Docker compose for those services while the language itself runs natively has been the best solution to this problem for me in the past. Docker compose for redis, postgres, elastic, etc.
IMO Docker for local dev is most beneficial for python where local installs are so all over the place.
This is exactly what I recently set up for our small team: use Docker Compose to start Postgres and Redis, and run Rails and Sidekiq natively. Everyone is pretty happy with this setup, we no longer have to manage Postgres and Redis via Homebrew and it means we're using the same versions locally and in production.
If anyone is curious about the details, I simply reused the existing `bin/dev` script set up by Rails by adding this to `Procfile.dev`:
docker: docker compose -f docker-compose.dev.yml up
The only issue is that foreman (the gem used by `bin/dev` to start multiple processes) doesn't have a way to mark one process as depending on another, so this relies on Docker starting the Postgres and Redis containers fast enough so that they're up and running for Rails and Sidekiq. In practice it means that we need to run the `docker compose` manually the first time (and I suppose every time we'll update to new versions) so that Docker downloads the images and caches them locally.

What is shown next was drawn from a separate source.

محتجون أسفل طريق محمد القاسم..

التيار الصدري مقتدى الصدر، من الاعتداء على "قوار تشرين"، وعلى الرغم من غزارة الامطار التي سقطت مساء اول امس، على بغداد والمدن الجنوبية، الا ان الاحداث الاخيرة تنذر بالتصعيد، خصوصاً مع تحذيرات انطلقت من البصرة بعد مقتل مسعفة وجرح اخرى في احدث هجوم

For your issue could you handle bringing up your docker-compose 'manually' in bin/dev? Maybe conditionally by checking if the image exists locally with `docker images`. Then tear it down and run foreman after it completes?

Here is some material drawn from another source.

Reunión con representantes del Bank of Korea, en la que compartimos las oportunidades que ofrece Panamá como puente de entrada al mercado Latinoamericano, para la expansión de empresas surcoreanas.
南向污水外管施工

Yeah, and python has been most of my exposure to local Docker, so that may be coloring my experience here. Running a couple off-the-shelf applications in the background with Docker isn't too bad, but having it at the center of your dev workflow where you're constantly rebuilding a container around your own code is just awful in my experience
IMO Docker for local dev is most beneficial for python where local installs are so all over the place.